A quick glance in the Science and Health sections of any major newspaper reveals how enamored mainstream culture in the United States has become with evolutionary neuropsychology. Over the last two decades, this scientific paradigm has been popularized to justify “common sense” notions about human sociality and behavior, especially the idea that the human brain is “hardwired” by, or for, [End Page 64] gender, race, sexuality, and the like. The notions that bisexuality in men does not exist, that women are wired to find sexual submission arousing, and that ethnocentrism is the result of ancient chemical distributions in the brain that promote trust only toward one’s “in-group” are among neuropsychology’s greatest hits. As a result, racism, sexism, and the violence that often results from these are regularly legitimated and naturalized.

It is this search for a one-to-one correlation between brains and behavior that Rebecca Jordan-Young attacks so viscerally in Brain Storm: The Flaws in the Science of Sex Differences. She targets one particularly beloved story in her analysis—the notion that prenatal hormone exposures permanently sexually differentiate the brain. Jordan-Young’s stated goal is not to answer questions, but rather to “question answers”—specifically regarding what scientists assume to know about differences in the brains of men and women, heterosexuals and homosexuals, or what may be called “androphiles” and “gynephiles.”

Beginning in the mid-twentieth century, the notion that early hormones “create permanent masculine or feminine patterns of desire, personality, temperament, and cognition” (xi) became clinically prolific. Psychologists like John Money and his archrival Milton Diamond were some of the first to utilize Brain Organization Theory or “BOT” to explain the essential and dimorphic nature of sexual difference. Over the second half of the twentieth century, BOT became the most popular explanation for everything from sexual orientation to social reproduction. The story goes like this: our brains are bathed in hormones in utero, there are only two ways they can be bathed, this hormonal bath becomes fixed neurologically, and for the rest of our lives we live out this binary destiny. Thus, BOT is really about discovering the truth of masculinity and femininity. But, as Jordan-Young provocatively inquires, how can we really ever define, let alone measure, such fuzzy concepts as “feminine sexuality” and “behavioral masculinization”?

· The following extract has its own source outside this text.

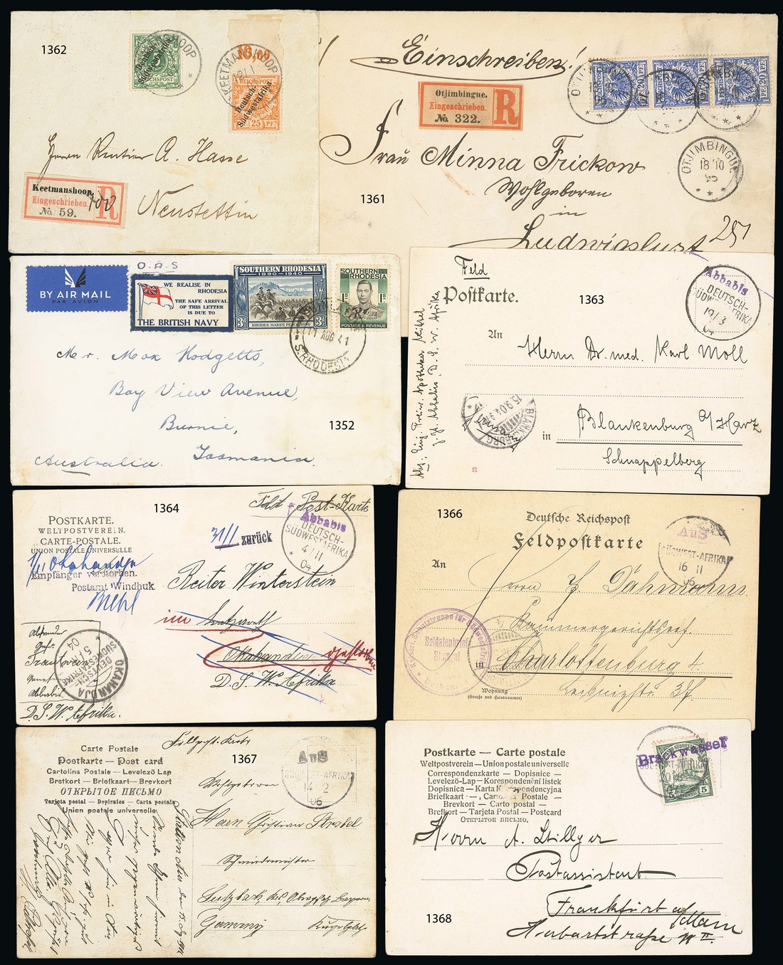 Abbabis: 1904 (19 Aug.) feld picture post card to Blankenburg with violet "Abbabis" (Putzel A1a), arrival d.s. on front; fine. Photo

Following other feminist pioneers like Anne Fausto-Sterling, Evelyn Fox Keller, and Karen Barad, Jordan-Young makes it clear that she is, first and foremost, a scientist. The business of this book is to tell the story of BOT, how it originated, how it has been manipulated and reified, and then to tear it apart, through a synthetic, critical, and thoroughly scientific analysis (which Jordan-Young half-jokingly acknowledges may be “passé” for many feminist and queer theorists today). Jordan-Young shows that almost all of the experiments that test BOT—from cohort studies that examine intersex conditions and the effect of diethylstilbestrol (DES) on fetal brain development to case-control studies which “work backward” from purportedly-distinct groups like gay and straight men—simply do not hold up to the scientific standards of reliability and validity. With devastating precision she shows that these studies do not measure the same variables or compare the same populations, and that due to these definitional and measurement issues and sloppy designs, they represent nothing more than folklore posing as empirical evidence.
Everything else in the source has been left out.